* **EXERCISE**
Would you return the records below character for character, without any images?
*** ENTRIES PROVIDED ***
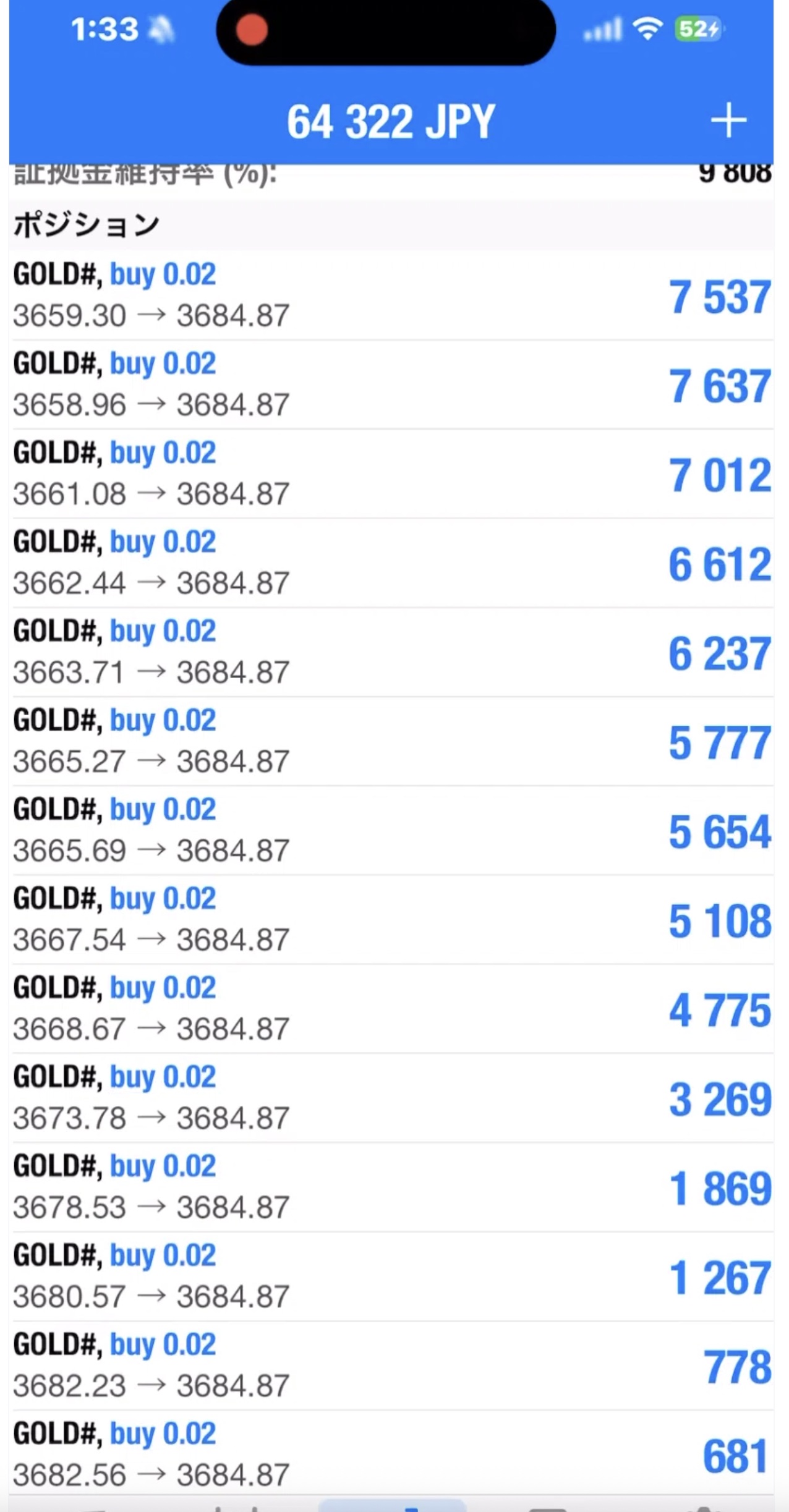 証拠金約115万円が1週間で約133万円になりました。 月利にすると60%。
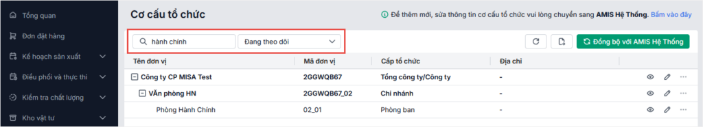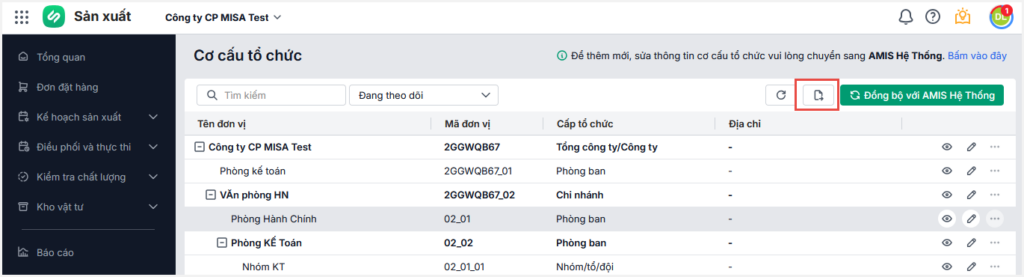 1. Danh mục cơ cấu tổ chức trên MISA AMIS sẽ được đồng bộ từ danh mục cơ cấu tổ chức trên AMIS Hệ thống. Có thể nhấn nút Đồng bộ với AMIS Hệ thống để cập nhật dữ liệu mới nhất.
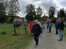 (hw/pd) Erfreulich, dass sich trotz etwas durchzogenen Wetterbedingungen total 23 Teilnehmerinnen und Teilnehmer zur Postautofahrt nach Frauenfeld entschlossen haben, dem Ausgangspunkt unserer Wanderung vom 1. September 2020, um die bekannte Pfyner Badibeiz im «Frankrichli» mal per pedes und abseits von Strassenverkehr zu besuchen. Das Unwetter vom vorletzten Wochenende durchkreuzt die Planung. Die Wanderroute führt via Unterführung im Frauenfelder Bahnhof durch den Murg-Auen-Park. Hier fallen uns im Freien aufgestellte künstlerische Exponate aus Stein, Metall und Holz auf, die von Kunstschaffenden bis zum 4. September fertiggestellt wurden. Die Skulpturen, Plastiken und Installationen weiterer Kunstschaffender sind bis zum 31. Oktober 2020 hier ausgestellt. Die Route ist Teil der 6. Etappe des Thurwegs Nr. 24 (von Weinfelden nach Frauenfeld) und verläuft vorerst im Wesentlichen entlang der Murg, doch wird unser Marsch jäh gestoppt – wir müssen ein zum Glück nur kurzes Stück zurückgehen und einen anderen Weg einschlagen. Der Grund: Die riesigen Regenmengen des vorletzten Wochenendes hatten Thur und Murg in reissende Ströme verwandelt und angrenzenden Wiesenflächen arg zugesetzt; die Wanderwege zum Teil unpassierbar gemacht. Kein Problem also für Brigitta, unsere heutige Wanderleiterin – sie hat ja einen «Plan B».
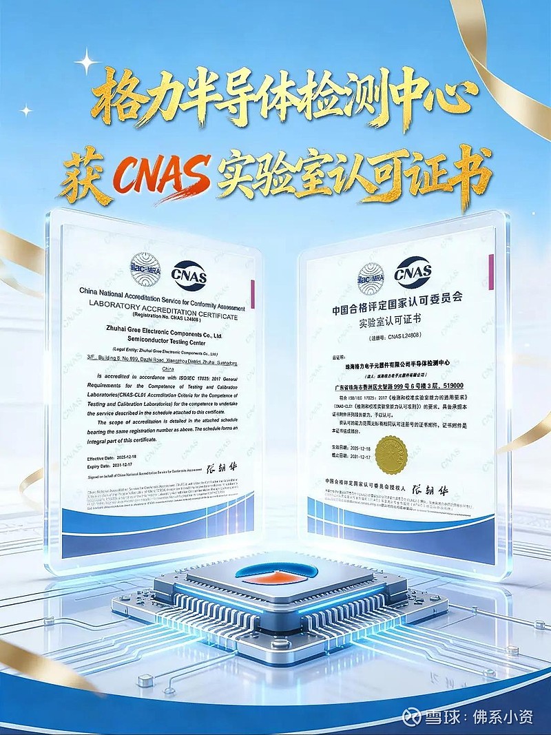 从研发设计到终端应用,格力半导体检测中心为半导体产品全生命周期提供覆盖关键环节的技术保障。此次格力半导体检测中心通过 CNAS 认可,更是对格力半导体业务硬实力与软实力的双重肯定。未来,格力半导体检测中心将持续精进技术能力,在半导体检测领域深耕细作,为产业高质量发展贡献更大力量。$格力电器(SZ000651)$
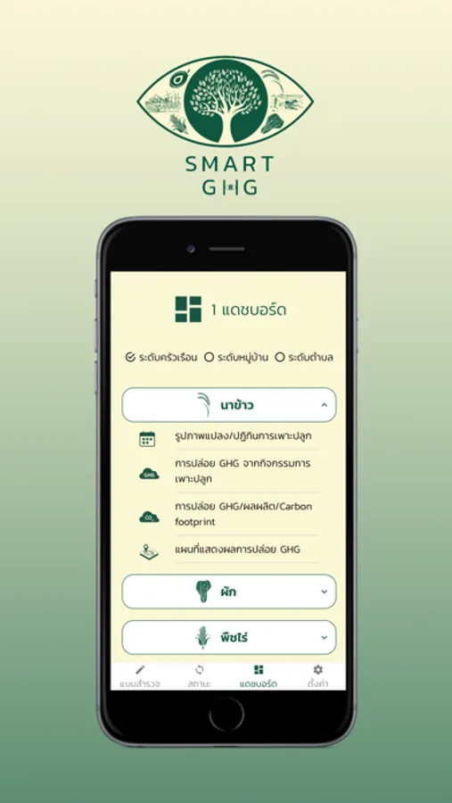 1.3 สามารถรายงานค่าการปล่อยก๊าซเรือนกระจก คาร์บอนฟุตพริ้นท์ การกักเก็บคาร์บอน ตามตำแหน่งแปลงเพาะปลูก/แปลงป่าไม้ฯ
*** End of ENTRIES PROVIDED ***
* **RESPONSE TO THIS TASK**
 証拠金約115万円が1週間で約133万円になりました。 月利にすると60%。
 1. Danh mục cơ cấu tổ chức trên MISA AMIS sẽ được đồng bộ từ danh mục cơ cấu tổ chức trên AMIS Hệ thống. Có thể nhấn nút Đồng bộ với AMIS Hệ thống để cập nhật dữ liệu mới nhất.
 (hw/pd) Erfreulich, dass sich trotz etwas durchzogenen Wetterbedingungen total 23 Teilnehmerinnen und Teilnehmer zur Postautofahrt nach Frauenfeld entschlossen haben, dem Ausgangspunkt unserer Wanderung vom 1. September 2020, um die bekannte Pfyner Badibeiz im «Frankrichli» mal per pedes und abseits von Strassenverkehr zu besuchen. Das Unwetter vom vorletzten Wochenende durchkreuzt die Planung. Die Wanderroute führt via Unterführung im Frauenfelder Bahnhof durch den Murg-Auen-Park. Hier fallen uns im Freien aufgestellte künstlerische Exponate aus Stein, Metall und Holz auf, die von Kunstschaffenden bis zum 4. September fertiggestellt wurden. Die Skulpturen, Plastiken und Installationen weiterer Kunstschaffender sind bis zum 31. Oktober 2020 hier ausgestellt. Die Route ist Teil der 6. Etappe des Thurwegs Nr. 24 (von Weinfelden nach Frauenfeld) und verläuft vorerst im Wesentlichen entlang der Murg, doch wird unser Marsch jäh gestoppt – wir müssen ein zum Glück nur kurzes Stück zurückgehen und einen anderen Weg einschlagen. Der Grund: Die riesigen Regenmengen des vorletzten Wochenendes hatten Thur und Murg in reissende Ströme verwandelt und angrenzenden Wiesenflächen arg zugesetzt; die Wanderwege zum Teil unpassierbar gemacht. Kein Problem also für Brigitta, unsere heutige Wanderleiterin – sie hat ja einen «Plan B».
 从研发设计到终端应用,格力半导体检测中心为半导体产品全生命周期提供覆盖关键环节的技术保障。此次格力半导体检测中心通过 CNAS 认可,更是对格力半导体业务硬实力与软实力的双重肯定。未来,格力半导体检测中心将持续精进技术能力,在半导体检测领域深耕细作,为产业高质量发展贡献更大力量。$格力电器(SZ000651)$
 1.3 สามารถรายงานค่าการปล่อยก๊าซเรือนกระจก คาร์บอนฟุตพริ้นท์ การกักเก็บคาร์บอน ตามตำแหน่งแปลงเพาะปลูก/แปลงป่าไม้ฯ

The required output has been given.